For an idea of scale, check out the top photo again. That's a boat built for about 70 passengers on the right hand side! Many of these icebergs in the foreground are as big as houses.


We found ourselves a campsite shortly before sunset (shortly before midnight) -

a place to ourselves on the headland, and all night we listened to the glacier creak and groan. It was an incredible night.

We woke shortly before the sun, and were treated to a stunning sunrise

from our magnificent campsite.


Later, we headed around the point to find yet another track and wandered along it for a different perspective

and for a cliff-side picnic.


After a siesta, we had a chat with the ranger who asked us go back to the main road, and as we walked out together, we were treated to another huge chunk of ice sliding into the lake, and the aftershocks as the waves heaved and crashed into other parts of the ice. The calving icebergs cause small but strong tsunamis throughout the lake.


We left the park feeling somehow fuller. This little glacier - as it is compared to other ones - had given us a lesson in the power of the planet we live on. We had also had an insight into the timeframes that geology moves in.

Glaciers move a lot of rock relatively quickly, grinding it to powder along the way, though the little human being barely lives long enough to realise this.

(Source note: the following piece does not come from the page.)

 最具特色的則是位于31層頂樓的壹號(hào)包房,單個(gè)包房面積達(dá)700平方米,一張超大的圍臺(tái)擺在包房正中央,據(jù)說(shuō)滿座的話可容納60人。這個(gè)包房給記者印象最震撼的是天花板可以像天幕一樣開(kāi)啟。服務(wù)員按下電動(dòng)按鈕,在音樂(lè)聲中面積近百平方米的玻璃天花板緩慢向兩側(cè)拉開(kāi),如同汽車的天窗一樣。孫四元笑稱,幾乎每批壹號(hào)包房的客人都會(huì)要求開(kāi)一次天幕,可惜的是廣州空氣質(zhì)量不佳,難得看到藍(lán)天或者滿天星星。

And glaciers are made up of snowflakes.


Thursday, February 14, 2008

Robbed!

Back in Puerto Natales ... a pleasant enough town.


Not much to report, except that our gear was stolen.

We lost our tent, our sleeping bags, Andy's goretex jacket, our camelback backpack and another waterproof drybag, and the drybag and lock we used to keep it all in on the back of the bike


Needless to say, we loved and needed all these items. The tent was awesome, Andy has spent a thousand dry nights in it, and me a couple of hundred. The down sleeping bags zipped together (one extra long, one medium), the jacket was a beauty from Canada, and again, it had kept Andy dry on many a day.
Here's a photo (given to the Police, who were very attentive, but didn't help us recover our gear) of the fence the bastard climbed over

and our bike without our gear.


We were stuck. We were in a small town in the middle of nowhere, minus our home.

We spent the next two days scouring the place for some replacements. They don't go in for good quality gear in this part of the world, and we soon found there was only one decent tent for sale in the whole town.

Insult was added to injury by the fact that the owner demanded a price well over what it was worth. He knew he had us over a barrel, and after some soul-searching, we took it along with two (very very ordinary) sleeping bags, and left feeling like we had been robbed two days in a row.

I would love to see his photos - you should have seen the scowl on Andy's face when he pulled out his camera to get a snap of us as we drove off!

We completed the kit with a canvas bag around a couple of garbage bags (it never rains here anyway) and a $7 plastic raincoat for Andy.

And we headed back out on the road ...

I can't believe it!!! While I've been sitting writing this, somebody stole my bag!!!!!!!!! It has my passport, my credit cards, my diary (my diary!!), my keys, my spanish study books ... probably more. I'm in shock.

Thank thank thank goodness it didn't have the photos (safely in the computer being uploaded at the time).

So it looks like we'll be in Argentina for a bit longer yet ....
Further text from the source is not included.